» The problem
Having found the line containing "كنزة صوفية صوفية" in the records below, copy that line and each later one exactly, dropping pictures.

» Source information
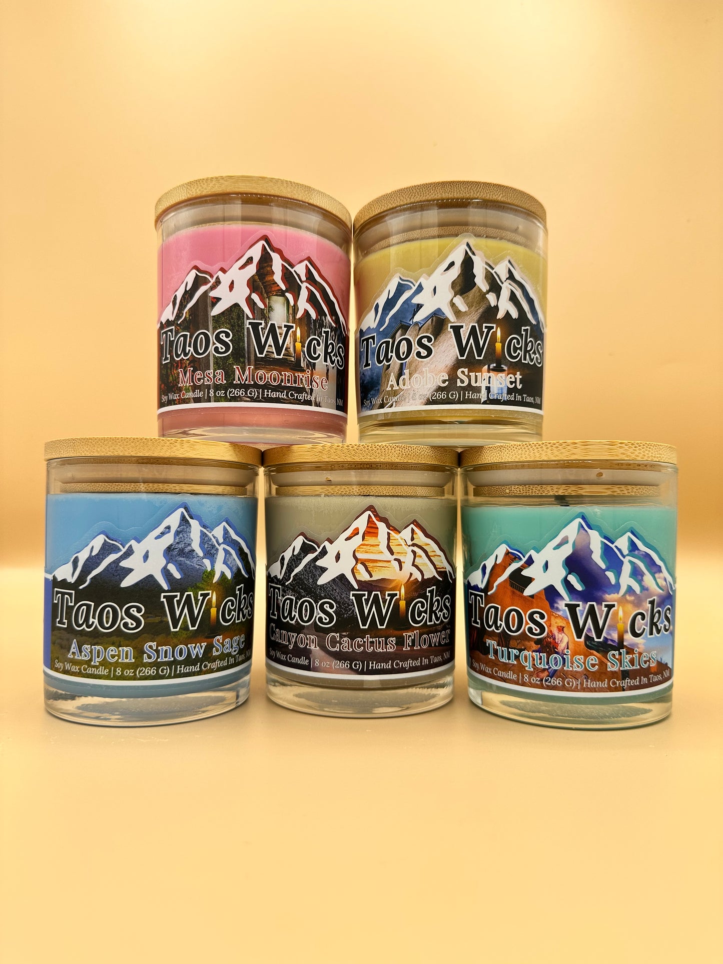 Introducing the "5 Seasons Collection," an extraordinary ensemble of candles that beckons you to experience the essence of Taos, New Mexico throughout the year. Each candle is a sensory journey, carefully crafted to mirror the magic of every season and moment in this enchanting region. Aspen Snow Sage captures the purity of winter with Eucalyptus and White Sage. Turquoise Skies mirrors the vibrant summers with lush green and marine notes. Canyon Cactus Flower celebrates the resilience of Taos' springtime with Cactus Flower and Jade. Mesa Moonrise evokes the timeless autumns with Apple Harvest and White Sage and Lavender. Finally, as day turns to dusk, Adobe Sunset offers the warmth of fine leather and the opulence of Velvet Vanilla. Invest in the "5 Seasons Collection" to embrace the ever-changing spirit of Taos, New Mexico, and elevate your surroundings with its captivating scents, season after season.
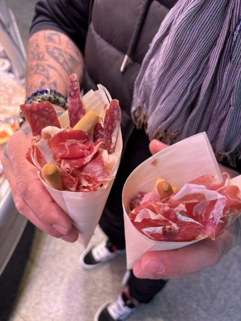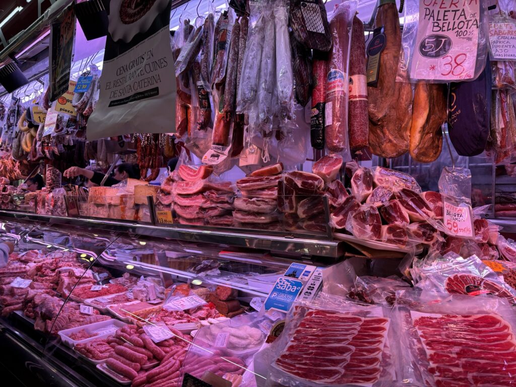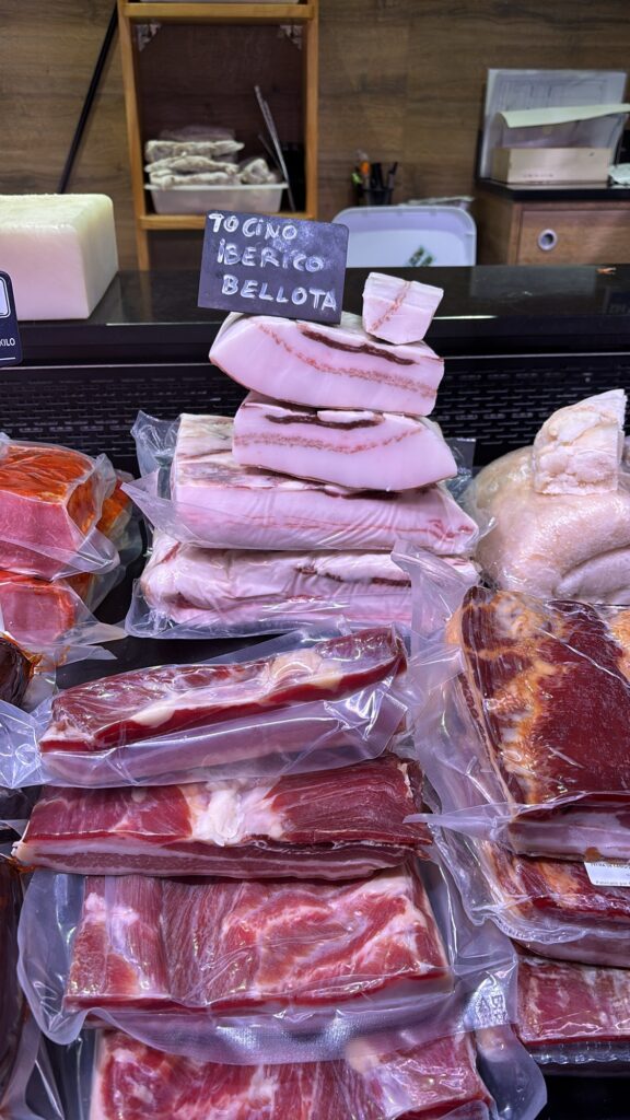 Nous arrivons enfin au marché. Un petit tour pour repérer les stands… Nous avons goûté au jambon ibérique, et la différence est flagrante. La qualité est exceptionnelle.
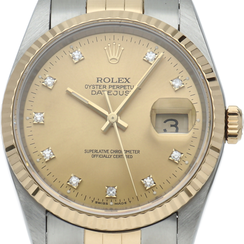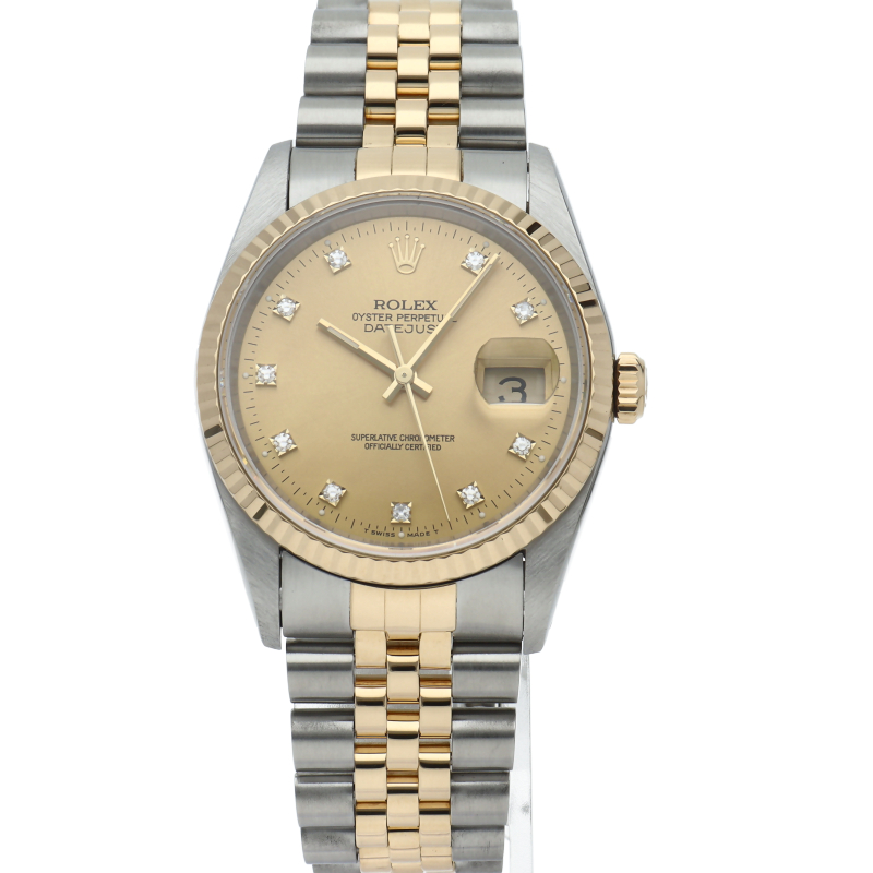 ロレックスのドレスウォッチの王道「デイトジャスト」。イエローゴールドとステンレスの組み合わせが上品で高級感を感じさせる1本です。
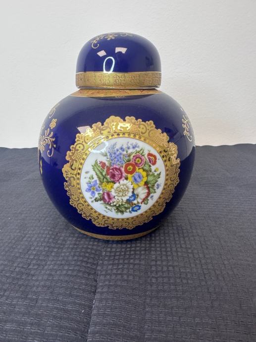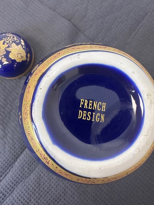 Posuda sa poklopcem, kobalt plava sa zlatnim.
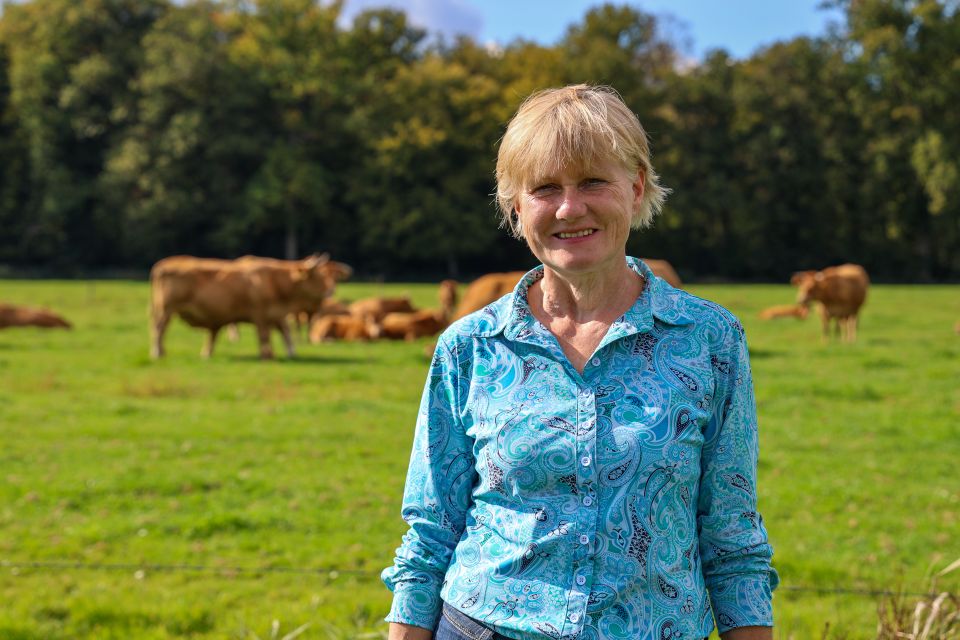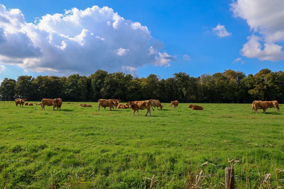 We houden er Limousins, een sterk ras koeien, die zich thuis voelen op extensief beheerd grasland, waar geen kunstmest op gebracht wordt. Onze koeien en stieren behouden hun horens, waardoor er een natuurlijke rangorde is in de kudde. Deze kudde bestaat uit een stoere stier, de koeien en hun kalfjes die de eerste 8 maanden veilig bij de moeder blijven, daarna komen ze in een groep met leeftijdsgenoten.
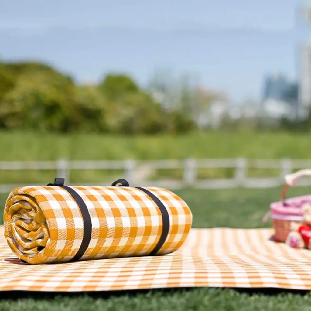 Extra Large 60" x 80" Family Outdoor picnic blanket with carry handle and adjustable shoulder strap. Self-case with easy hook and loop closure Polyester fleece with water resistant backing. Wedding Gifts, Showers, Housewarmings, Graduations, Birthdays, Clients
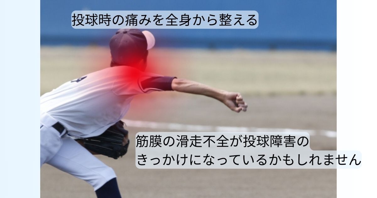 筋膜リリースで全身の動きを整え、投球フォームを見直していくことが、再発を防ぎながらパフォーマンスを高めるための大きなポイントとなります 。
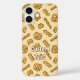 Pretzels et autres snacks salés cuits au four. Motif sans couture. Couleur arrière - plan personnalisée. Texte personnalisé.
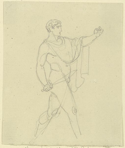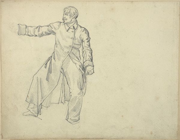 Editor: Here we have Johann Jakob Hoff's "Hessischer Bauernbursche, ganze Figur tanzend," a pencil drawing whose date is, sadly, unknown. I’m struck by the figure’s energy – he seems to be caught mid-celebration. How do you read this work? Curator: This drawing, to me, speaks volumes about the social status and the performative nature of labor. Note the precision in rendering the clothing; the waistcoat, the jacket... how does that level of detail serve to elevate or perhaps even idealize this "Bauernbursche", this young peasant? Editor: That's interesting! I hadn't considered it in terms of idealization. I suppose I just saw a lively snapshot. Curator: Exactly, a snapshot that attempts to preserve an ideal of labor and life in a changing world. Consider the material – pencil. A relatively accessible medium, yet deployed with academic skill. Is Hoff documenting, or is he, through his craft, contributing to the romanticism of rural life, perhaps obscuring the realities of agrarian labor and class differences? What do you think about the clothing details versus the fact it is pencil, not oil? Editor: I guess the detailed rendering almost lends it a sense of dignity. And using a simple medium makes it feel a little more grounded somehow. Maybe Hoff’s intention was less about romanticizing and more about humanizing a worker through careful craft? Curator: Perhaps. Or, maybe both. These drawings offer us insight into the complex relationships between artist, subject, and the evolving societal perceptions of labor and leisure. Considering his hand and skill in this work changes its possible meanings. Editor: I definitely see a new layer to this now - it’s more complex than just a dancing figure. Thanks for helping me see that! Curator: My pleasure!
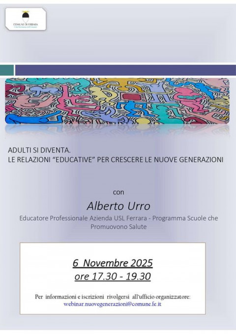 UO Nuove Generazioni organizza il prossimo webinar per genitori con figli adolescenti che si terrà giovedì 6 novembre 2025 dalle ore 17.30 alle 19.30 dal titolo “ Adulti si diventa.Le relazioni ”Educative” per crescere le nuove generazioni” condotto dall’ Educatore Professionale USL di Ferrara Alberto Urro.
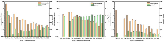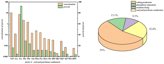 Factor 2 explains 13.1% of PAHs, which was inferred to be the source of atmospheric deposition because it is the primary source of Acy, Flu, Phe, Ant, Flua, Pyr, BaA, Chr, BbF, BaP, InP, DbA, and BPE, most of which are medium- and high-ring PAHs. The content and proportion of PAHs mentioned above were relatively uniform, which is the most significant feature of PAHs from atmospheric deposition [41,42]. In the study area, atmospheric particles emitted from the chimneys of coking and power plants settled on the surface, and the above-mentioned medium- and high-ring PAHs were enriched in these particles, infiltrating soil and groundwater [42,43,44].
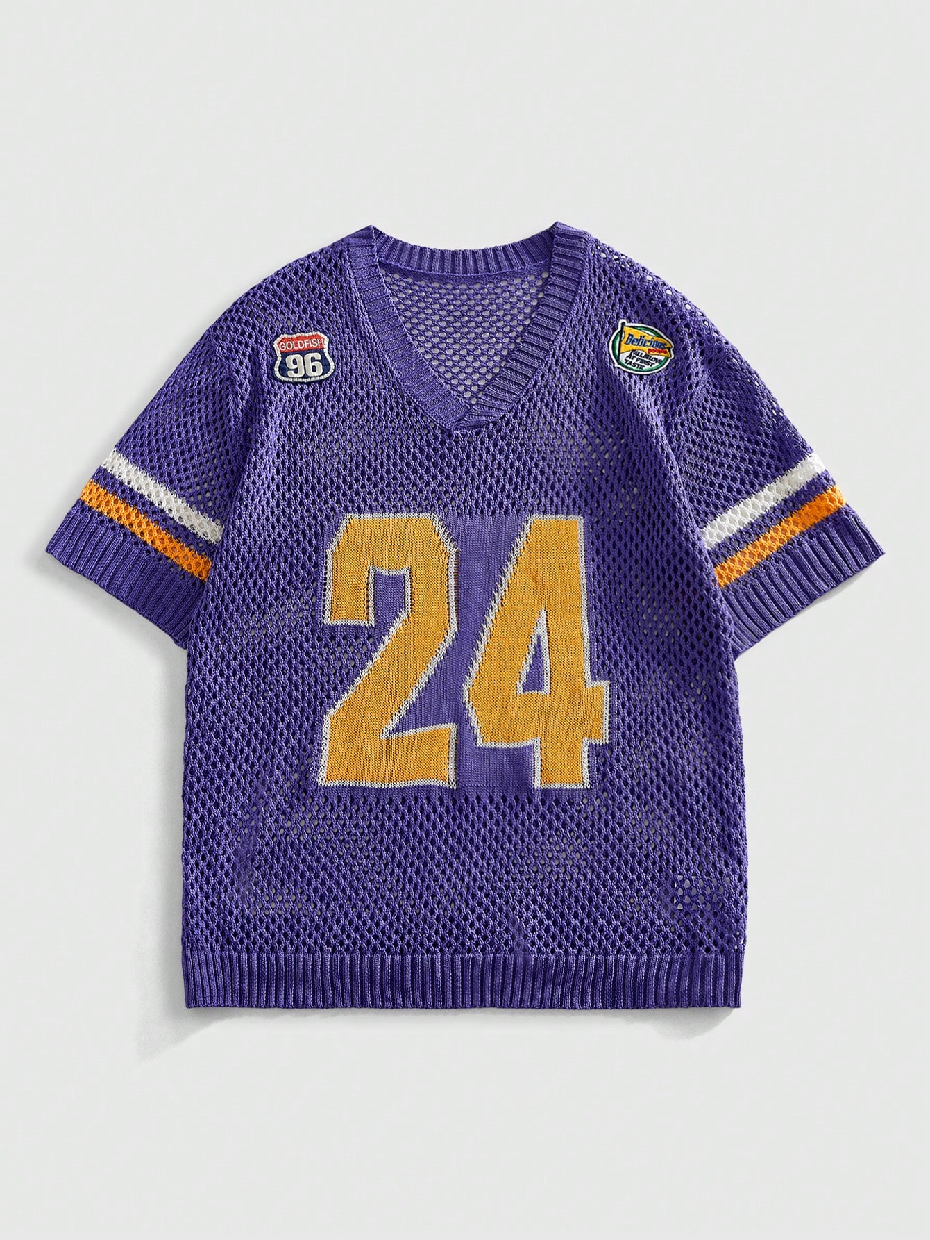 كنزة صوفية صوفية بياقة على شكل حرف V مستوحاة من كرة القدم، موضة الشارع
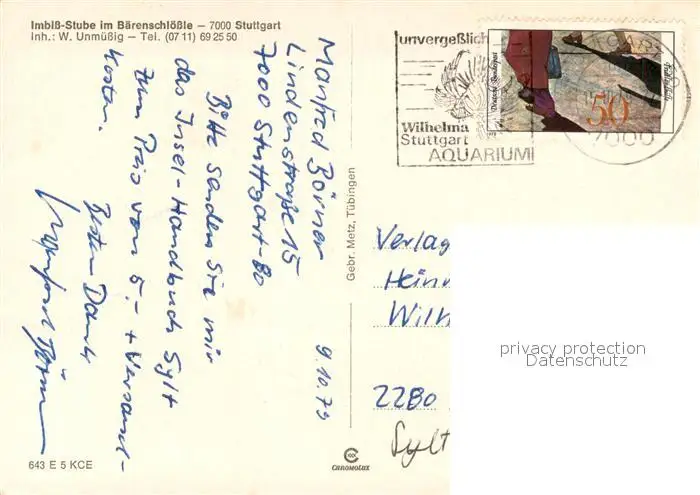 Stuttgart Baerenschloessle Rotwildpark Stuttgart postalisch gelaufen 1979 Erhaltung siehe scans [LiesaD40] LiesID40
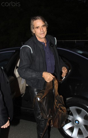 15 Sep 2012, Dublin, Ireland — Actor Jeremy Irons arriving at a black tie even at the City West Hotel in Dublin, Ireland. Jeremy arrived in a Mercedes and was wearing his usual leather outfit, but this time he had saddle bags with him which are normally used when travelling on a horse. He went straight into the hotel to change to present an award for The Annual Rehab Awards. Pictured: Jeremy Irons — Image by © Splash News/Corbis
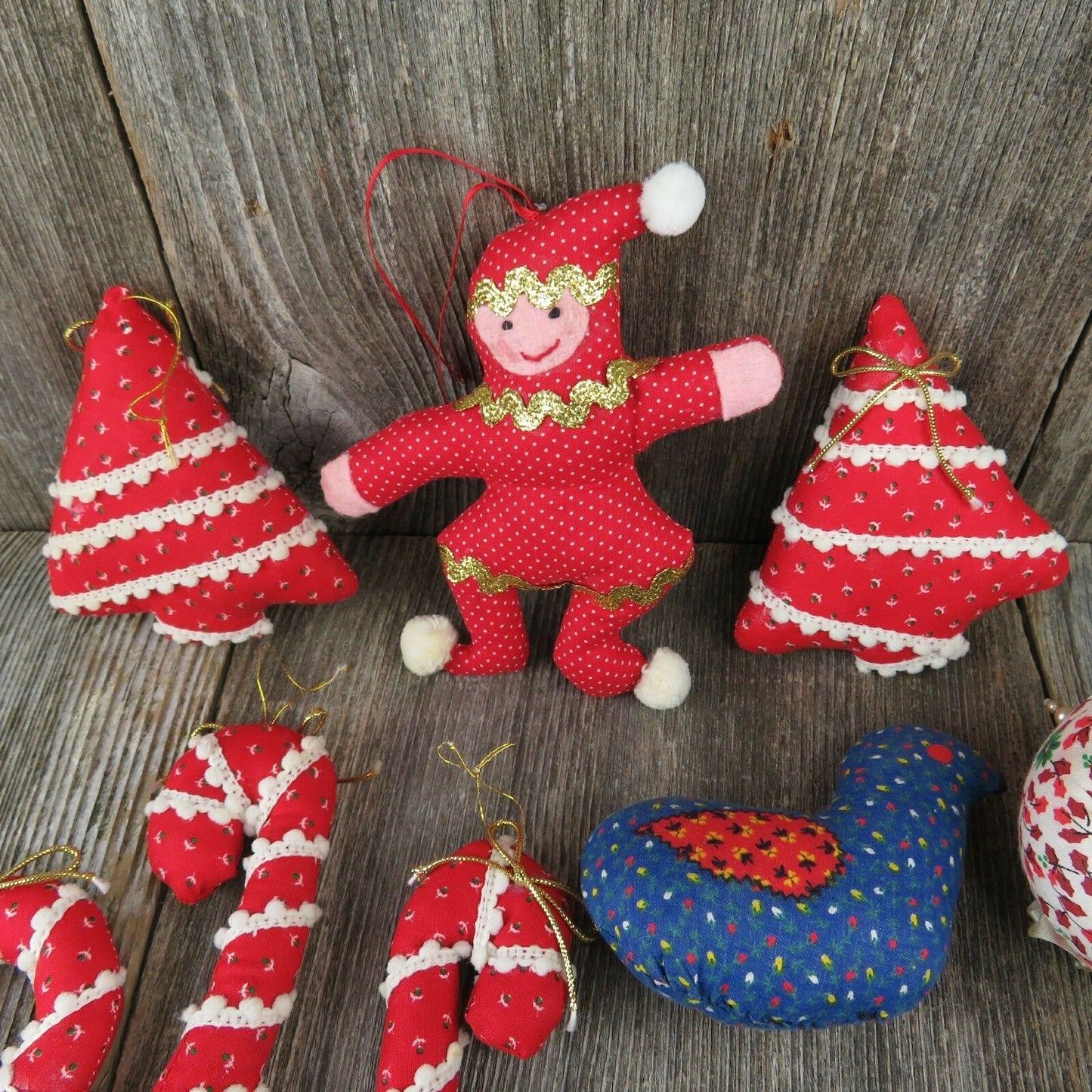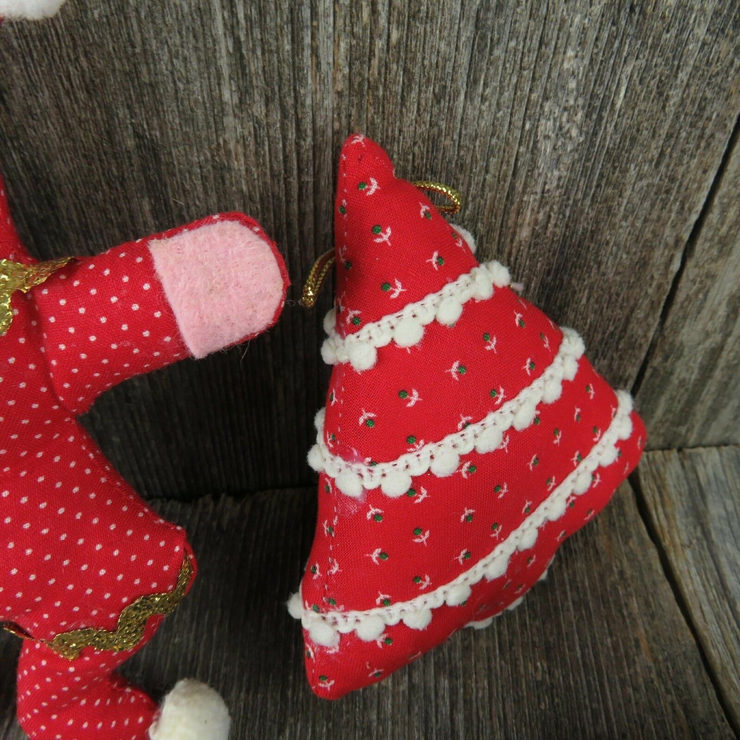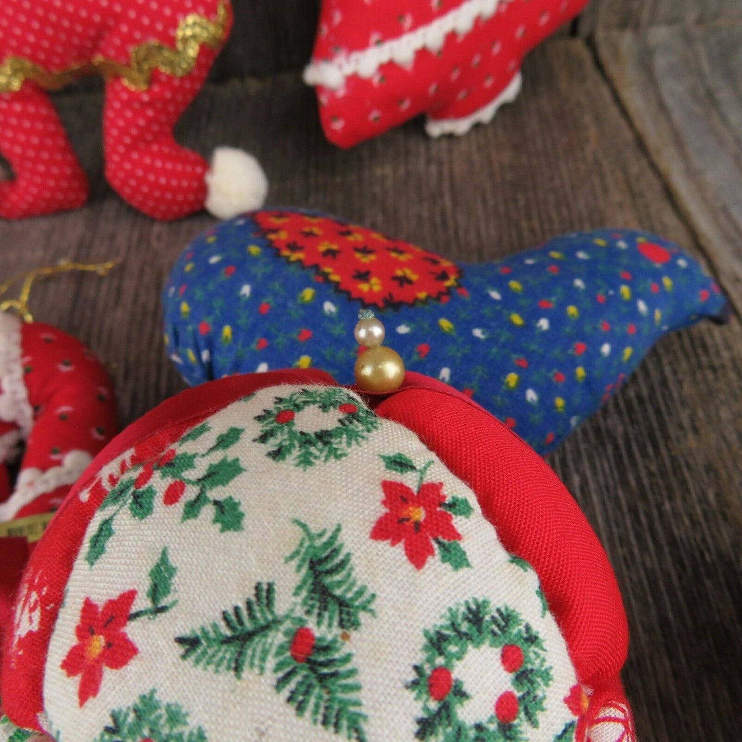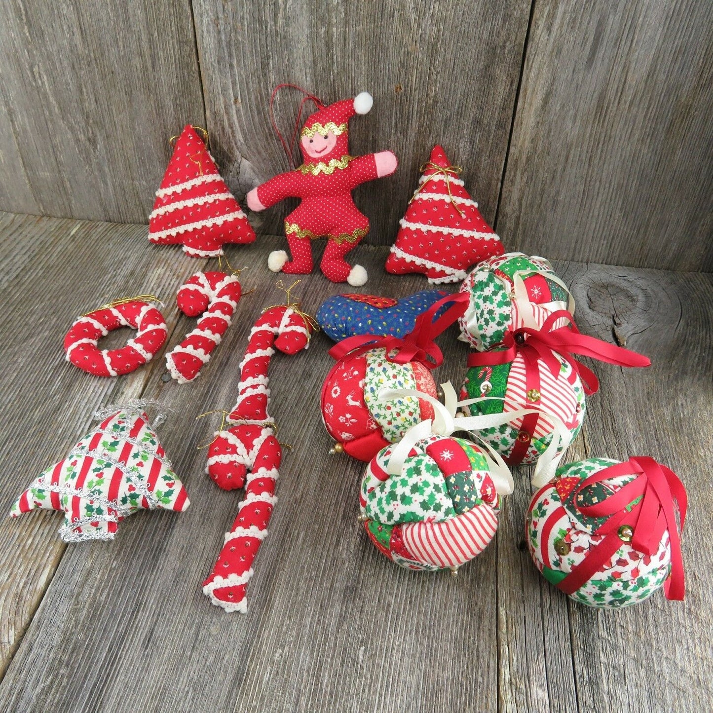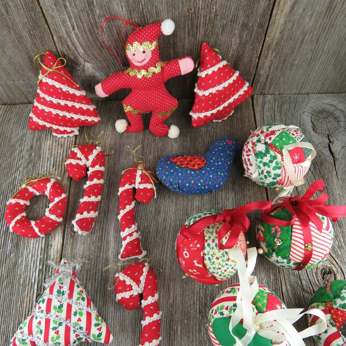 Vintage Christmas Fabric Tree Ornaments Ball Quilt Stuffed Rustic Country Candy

» Written answer
 كنزة صوفية صوفية بياقة على شكل حرف V مستوحاة من كرة القدم، موضة الشارع
 Stuttgart Baerenschloessle Rotwildpark Stuttgart postalisch gelaufen 1979 Erhaltung siehe scans [LiesaD40] LiesID40
 15 Sep 2012, Dublin, Ireland — Actor Jeremy Irons arriving at a black tie even at the City West Hotel in Dublin, Ireland. Jeremy arrived in a Mercedes and was wearing his usual leather outfit, but this time he had saddle bags with him which are normally used when travelling on a horse. He went straight into the hotel to change to present an award for The Annual Rehab Awards. Pictured: Jeremy Irons — Image by © Splash News/Corbis
 Vintage Christmas Fabric Tree Ornaments Ball Quilt Stuffed Rustic Country Candy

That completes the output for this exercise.